In Chicago, as in other cities, there are plenty of examples of progressive Democrats who, instead of changing the party from the inside, give a liberal veneer to its pro-corporate, anti-worker policies. Like US House of Representatives member Jan Schakowsky, who regularly spoke out for single-payer health care in the years before Barack Obama's election. She complained about administration concessions to the health-care industry, but ultimately voted for the ACA--and then came back to Chicago and held a celebration at the Chicago Temple, where she deceptively said the law was universal health care.

Even if Guzzardi and Travis attempt to use their political office to help unions and the community, the project of building an independent political alternative that can challenge the power of the Democratic Party establishment won't be advanced if they win election as Democrats.

Of course, election law and governmental structures in Chicago and Illinois, like the rest of the country, were set up by the two mainstream parties to serve their needs. Third parties and independent candidates face a host of obstacles to even getting on the ballot, much less winning--which is why it can seem more "realistic" to many progressives to run as a Democrat.

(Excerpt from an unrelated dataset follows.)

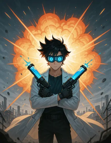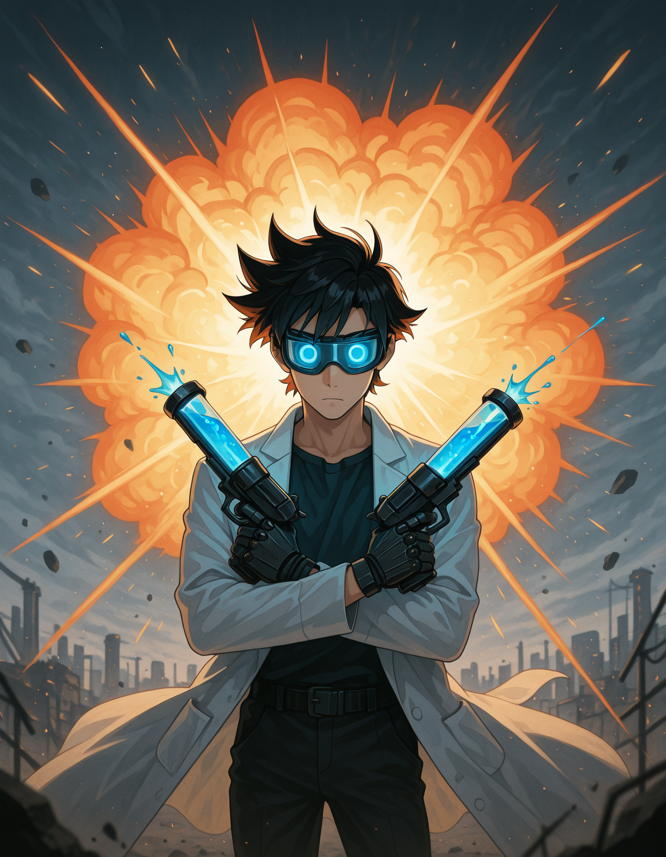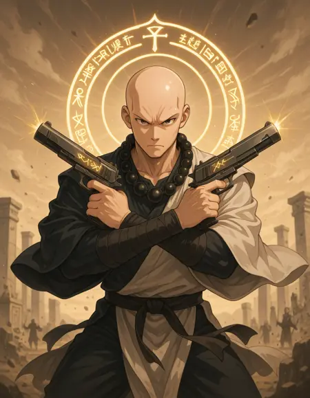 "Flatline, Flat vector illustration,,masterpiece, best quality, good quality, very aesthetic, absurdres, newest, 8K, depth of field, focused subject, dynamic angle, A stoic, peaceful anime monk — bald head, prayer beads — suddenly in a battle stance, crossing sacred relic pistols in an X pose. Glowing runes swirl as the air distorts with suppressed power. Background: ancient temple shattered by spiritual force. x pistol pose "

Challenges to the two-party monopoly

But there have been successful challenges to the two-party monopoly. During the 2000s, the Green Party organised to win ballot status for Ralph Nader as its 2000 presidential nominee and for candidates for statewide office, such as Rich Whitney, who ran for governor in 2006 and 2010. And of course, we just saw Kshama Sawant--over the course of several campaigns for state and city office--overcome the hostility of the Democratic Party establishment and win.

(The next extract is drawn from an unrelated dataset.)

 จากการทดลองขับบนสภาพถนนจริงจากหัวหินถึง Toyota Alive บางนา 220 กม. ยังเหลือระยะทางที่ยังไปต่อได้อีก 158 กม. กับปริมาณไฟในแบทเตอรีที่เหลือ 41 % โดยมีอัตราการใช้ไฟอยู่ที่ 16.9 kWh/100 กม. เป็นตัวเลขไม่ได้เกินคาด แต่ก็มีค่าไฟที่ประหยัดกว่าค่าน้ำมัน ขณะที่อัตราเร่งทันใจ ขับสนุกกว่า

In Chicago, races for mayor and city council are officially non-partisan, which makes things murky in a different way.

Officially, anyone running for city office is viewed as an independent, regardless of their party affiliation. This allows candidates to declare independence from the Democrats without being shut out of the race by unfair rules. But it also allows candidates to fudge their "independence"--to be officially classified as independent while collaborating with the Democratic Party machine.

A left-wing candidate who genuinely aims to represent working and poor people must be genuinely independent. It is impossible to hold political representatives accountable to grassroots struggles and movements if they are accountable, formally or informally, to the Democratic Party.

The desire for an electoral alternative to the status quo in Chicago is obvious to see, and the teachers' union IPO initiative is clearly aimed at being a step toward that goal. The discussion has to continue among union members and activists in all progressive organisations and movements about what real independence means--and how we can participate in electoral politics in a way that makes our struggles for social justice stronger.